### ACTION ITEM
Copy the listing below exactly, but skip the pictures.

### MATERIAL PROVIDED
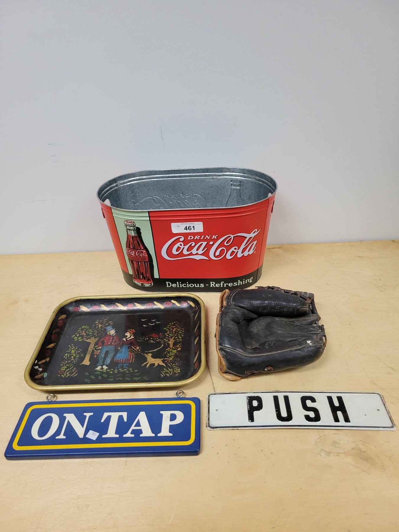 INCLUDING COCA-COLA METAL TUB, ON TAP WOOD SIGN, PUSH METAL SIGN, VINTAGE BASEBALL GLOVE, AND HAND PAINTED SERVING TRAY
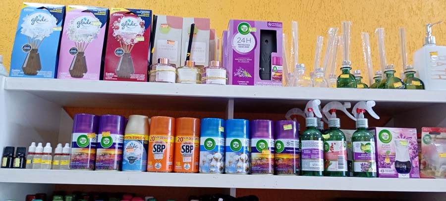 Outro segmento em evidência são os cheirinhos e difusores ambientais, ideais para manter os espaços agradáveis e perfumados.
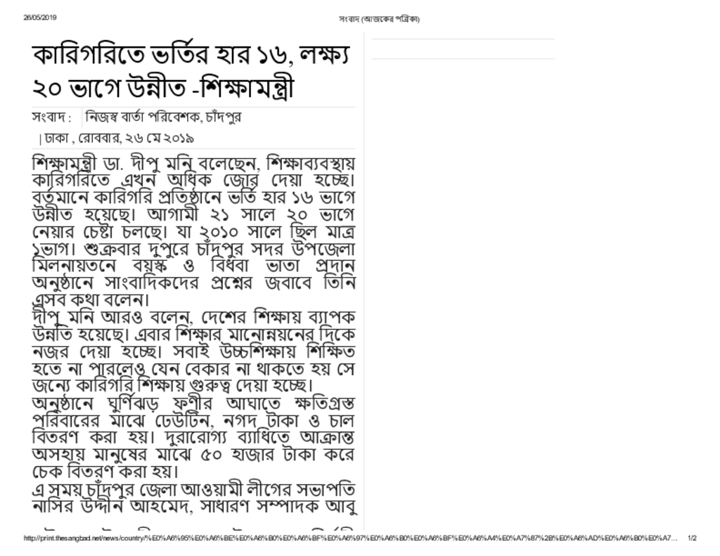 কারিগরিতে ভর্তির হার ১৬, লক্ষ্য ২০ ভাগে উন্নীত -শিক্ষামন্ত্রী Published on Newspaper দৈনিক সংবাদ Category Technical and Vocational Education Download
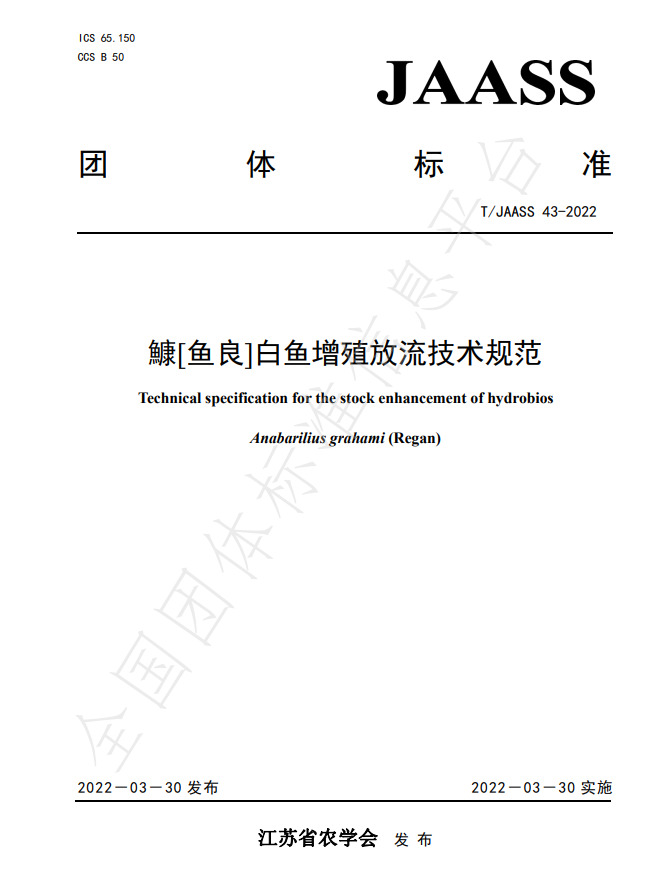 2022年3月30日,江蘇省農(nóng)學(xué)會團體標(biāo)準(zhǔn)《鱇[魚良]白魚增殖放流技術(shù)規(guī)范》正式發(fā)布,標(biāo)準(zhǔn)編號為“T/JAASS 43-2022”。該標(biāo)準(zhǔn)是國家重點研發(fā)計劃“藍色糧倉科技創(chuàng)新”重點專項“高原湖泊漁業(yè)資源與生物多樣性保護模式示范”的重要產(chǎn)出成果之一,由中國科學(xué)院南京地理與湖泊研究所作為牽頭單位,玉溪市撫仙湖管理局、云南茂灣水產(chǎn)養(yǎng)殖有限責(zé)任公司作為參與單位共同編制。

### ANSWER FOR THIS EXERCISE
 INCLUDING COCA-COLA METAL TUB, ON TAP WOOD SIGN, PUSH METAL SIGN, VINTAGE BASEBALL GLOVE, AND HAND PAINTED SERVING TRAY
 Outro segmento em evidência são os cheirinhos e difusores ambientais, ideais para manter os espaços agradáveis e perfumados.
 কারিগরিতে ভর্তির হার ১৬, লক্ষ্য ২০ ভাগে উন্নীত -শিক্ষামন্ত্রী Published on Newspaper দৈনিক সংবাদ Category Technical and Vocational Education Download
 2022年3月30日,江蘇省農(nóng)學(xué)會團體標(biāo)準(zhǔn)《鱇[魚良]白魚增殖放流技術(shù)規(guī)范》正式發(fā)布,標(biāo)準(zhǔn)編號為“T/JAASS 43-2022”。該標(biāo)準(zhǔn)是國家重點研發(fā)計劃“藍色糧倉科技創(chuàng)新”重點專項“高原湖泊漁業(yè)資源與生物多樣性保護模式示范”的重要產(chǎn)出成果之一,由中國科學(xué)院南京地理與湖泊研究所作為牽頭單位,玉溪市撫仙湖管理局、云南茂灣水產(chǎn)養(yǎng)殖有限責(zé)任公司作為參與單位共同編制。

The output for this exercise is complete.